Winterreifen und Ganzjahresreifen im Vergleich : Es geht ums Profil

Ganzjahresreifen gelten als günstige Alternative zum ständigen Wechsel zwischen Sommer- und Winterreifen. Dabei ist die Wahl des richtigen Pneus weniger eine Kosten- als eine Fahrerfrage.

David-Emanuel Digili
Nicht immer aussagekräftig. Bezeichnungen wie „M+S“ oder „Winter“ bieten keine Garantie. Nur für das Schneeflockensymbol müssen sich Reifen in Tests beweisen.
Nicht immer aussagekräftig. Bezeichnungen wie „M+S“ oder „Winter“ bieten keine Garantie. Nur für das Schneeflockensymbol müssen...Foto: dpa

Meist sagt der jährliche Griff zum Lineal schon alles aus. Angesetzt, überprüft – schon ist klar: Es ist zu niedrig, das Reifenprofil. 1,6 Millimeter müssen es laut Gesetzgeber sein, Experten raten aber zu einer Tiefe von mindestens drei Millimetern. Gerade zu Beginn der dunklen Jahreshälfte ist sie da, die Zeit, in der Maß genommen wird. Können "die Alten" noch draufbleiben? Sollten "ein paar Neue" ran? Und überhaupt: Ganzjahresreifen oder Winterreifen? Sie leisten täglich schließlich harte Arbeit auf dem Asphalt. Und doch wird den Reifen nur in allergrößten Ausnahmefällen wie dem Herbst- und Wintercheck die gebührende Aufmerksamkeit zuteil.

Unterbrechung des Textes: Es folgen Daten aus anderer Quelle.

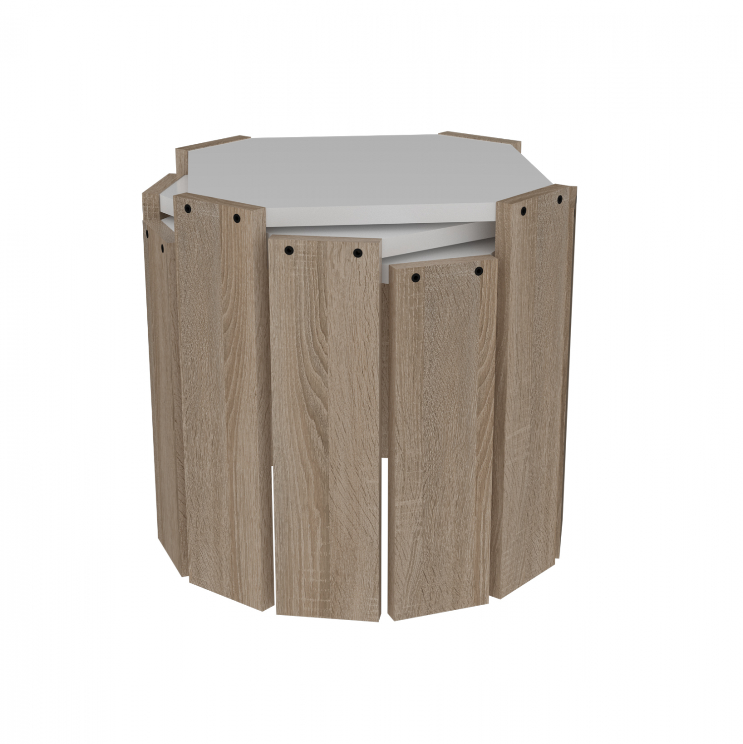 Τραπεζάκια ζιγκόν Hansel, 3 τεμαχίων, με πόδια σε sonama και επιφάνεια σε λευκή απόχρωση. Κατασκευασμένα από μελαμίνη πάχους 18mm υψηλής ποιότητας, με αντοχή στην καταπόνηση, την φθορά και τον χρόνο. Πρακτικά,νεανικά και μοντέρνα σε στυλ με δυνατότητα αποθήκευσης του ενός μέσα στο άλλο όταν δεν χρησιμοποιούνται. Καταλαμβάνοντας τον λιγότερο δυνατό χώρο. Χρώμα: Sonama - Λευκό Διαστάσεις: Μεγάλο: 44,5x44,5x41 εκ. Μεσαίο: 44,5x44,5x38,5 εκ. Μικρό: 44,5x44,5x36 εκ. Ευρωπαϊκής κατασκευής και προέλευσης. Το προϊόν διατίθεται αμοντάριστο σε εργοστασιακή συσκευασία.

"Die Bereifung ist das meistunterschätzte Teil am Auto", bestätigt Gunnar Beer vom Auto-Club Europa (ACE). Die Techniker des Autoklubs haben erst kürzlich zehn der populärsten Winterreifenmodelle einem ausführlichen Test unterzogen – von Bridgestone über Goodyear, Hankook und Pirelli bis hin zum Testsieger, dem WR D3 von Nokian. Getestet auf verschneiter, nasser und trockener Fahrbahn in Bremsverhalten, Handling und Traktion. Prinzipiell gilt: Auf Markennamen kommt es nicht unbedingt an, oft gehören kleinere Hersteller wie Fulda (Dunlop) oder Semperit (Continental) als Tochterfirmen zu den "Großen", bieten auch Qualität auf (fast) ganz hohem Niveau.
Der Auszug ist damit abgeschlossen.